Yana Khon and Alina Abdurakhimova lived 10 minutes apart before coming to Temple.

Alina Abdurakhimova returns a serve during practice at the Student Pavilion on Oct. 6, 2016, during her junior season. | PATRICK CLARK / FILE PHOTO

Juniors Yana Khon and Alina Abdurakhimova have played many important matches in their tennis careers.

Their most memorable ones, however, may be the ones they played against each other back home in Tashkent, the capital of Uzbekistan.

“Yeah, she always won,” Khon said at Thursday’s practice.

“No,” Abdurakhimova responded with a laugh. “No, not really.”

Abdurakhimova and Khon both grew up in Tashkent. Like many Temple tennis players, they had to leave their homes and live on their own in a foreign country. Luckily, they had each other.

“I think it was easy because we came together,” Abdurakhimova said. “That made it so much easier.”

The two lived about 10 minutes from each other and did not go to the same school, but they knew each other through tennis and played against each other during breaks from school.

Coach Steve Mauro said it was their friendship through tennis that allowed both of them to come and play for the Owls. Mauro had been emailing Khon, who was being recruited by several top programs at the time, about playing for Temple. When he learned about her friend Abdurakhimova and her desire to study actuarial science at Temple, they were both offered spots on the Owls’ roster.

The two were with each other when they made their decision to come to Temple together.

“We found out that Temple had two available spots on the tennis team,” Abdurakhimova said. “We found out during practice, and we both wanted to go.”

Abdurakhimova and Khon’s relationship quickly changed from two Uzbekistani tennis players who “knew each other but weren’t good friends” to best friends and teammates. The two roomed together freshman year and helped each other through a transition phase that wasn’t easy, Mauro said.

“The first semester is a little bit difficult with the language, the expressions we use, the food, it takes them a while to get used to that,” Mauro said. “Usually it takes them about a semester.”

This transitional period for international students is something Mauro is very used to at Temple. In his nine years with the Owls, Mauro has recruited players from across the globe. In the process, he said he has made a lot of friends.

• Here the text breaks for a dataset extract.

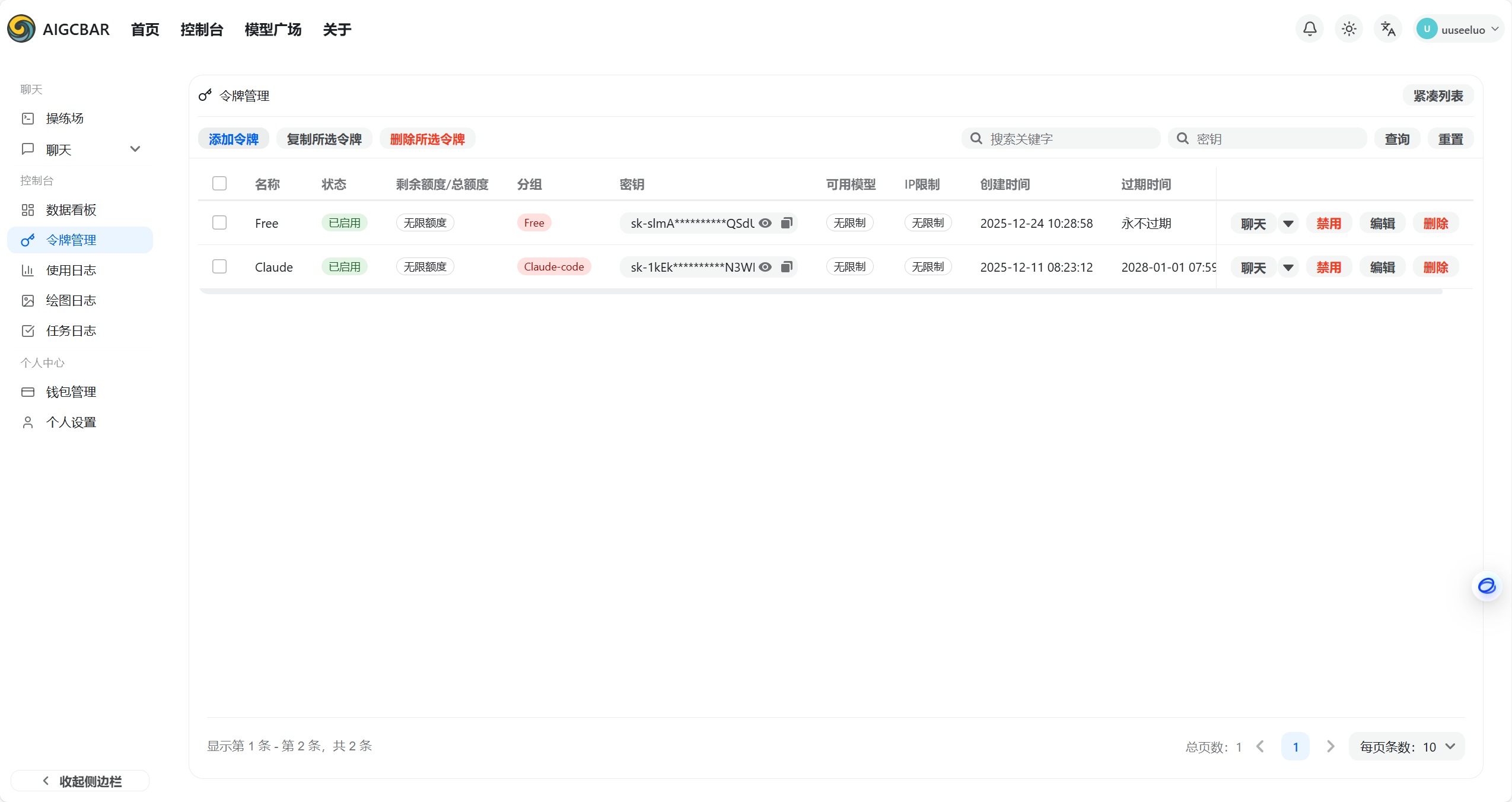 注册完成后,用户进入令牌管理页面,根据实际需求添加令牌,将看到自己生成的API密钥。这个密钥是访问所有AI模型的凭证,用户需要妥善保管并在应用启动时输入。为了安全起见,不建议在代码中硬编码API密钥,而应该通过环境变量或配置文件的方式存储。本应用设计了一个自动保存机制,用户首次输入API密钥后,点击"保存"按钮,系统会将密钥保存到本地文件中,下次启动应用时会自动加载,无需重复输入。

“I think we’ve probably been represented by about 30 different countries since I’ve been here so we have contacts all over the world,” Mauro said. “If you named a country, I could find someone to go ask about a player. I’ve been doing it for a while, and I’ve made a lot of connections around the world.”

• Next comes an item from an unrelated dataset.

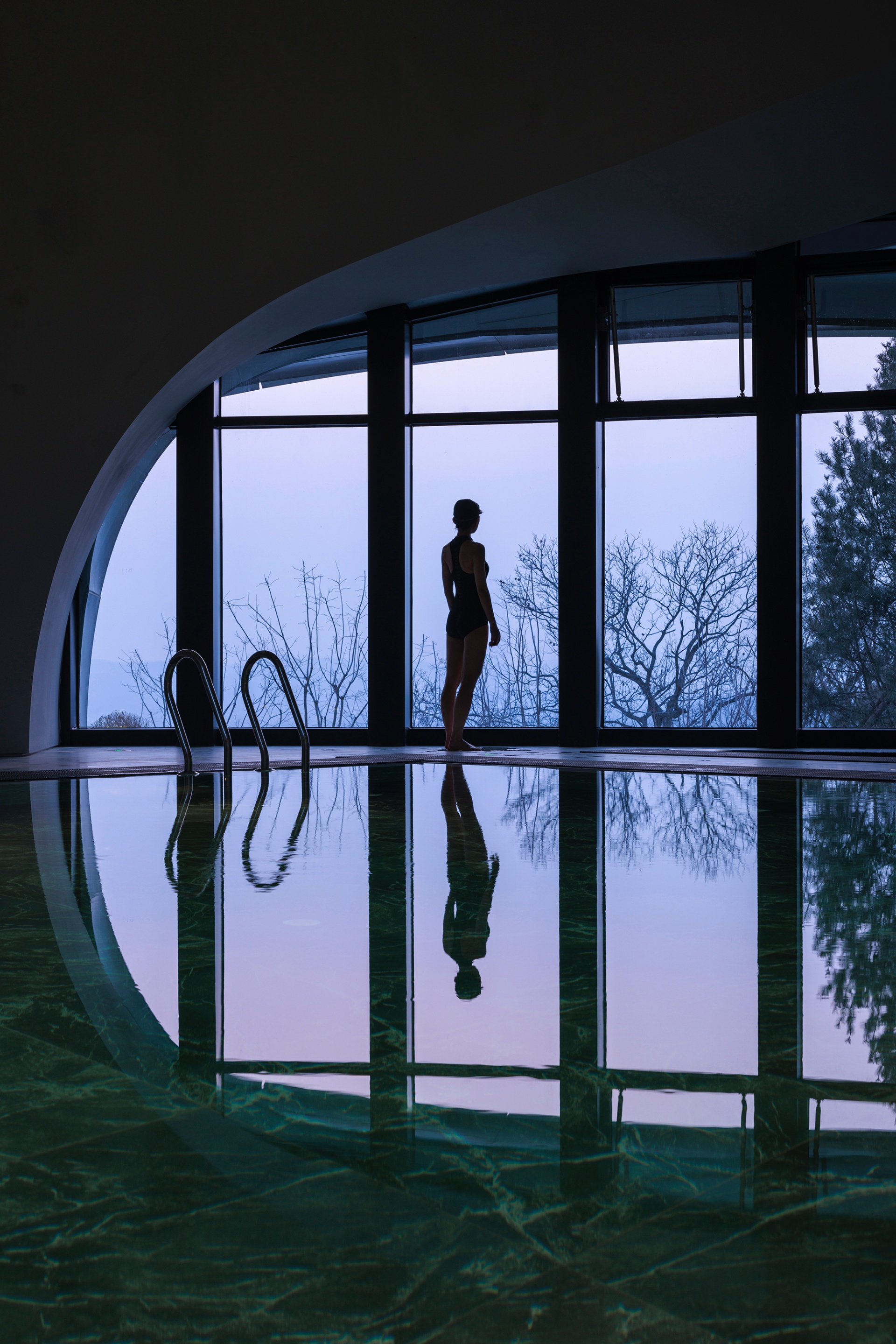 The gym on the second floor offers a superb vantage point, allowing guests to gaze from a smaller cave into the grander pool area, while also extending their view beyond the rock to the surrounding natural landscape. For privacy, the outdoor hot spring pools are nestled within the terrain and vegetation, yet still offer a distant glimpse of the Great Wall. As night falls, the twinkling lights above the pool transform the cave into a celestial dome, a starry sky within the mountain. Wutopia Lab's design subtly challenges expected combinations, using both daylight and electric light to create a dynamic and ever-changing experience.

While Mauro has recruited plenty of players from around the world during his time at Temple, it is still quite unusual for him to find two great players like Abdurakhimova and Khon from the same hometown.

Mauro said that their friendship allowed the two to feel more comfortable on the court and adjust to life in Philadelphia smoothly, and he feels “lucky” to have found both of them.

Abdurakhimova and Khon both have contributed significantly to Temple on and off the court during their two years as Owls. Khon finished the fall with a 15-3 singles record and played a crucial role in the team’s quarterfinal run at the American Athletic Conference tournament as a freshman in 2014-15. Last year, she finished the season with a 14-3 dual record and was named to the Athletic Director’s Honor Roll.

Abdurakhimova also had a standout 2014-15 season, posting a 19-5 singles record and being named American Athletic Conference Co-Freshman of the Year. Last season, she had a 14-7 record overall and was named to the President’s Honor Roll.

“They’re two really sweet girls, we’re lucky to have them,” Mauro said. “They do well in school and they do well on the court. If I could have a team full of girls from Uzbekistan, I would.”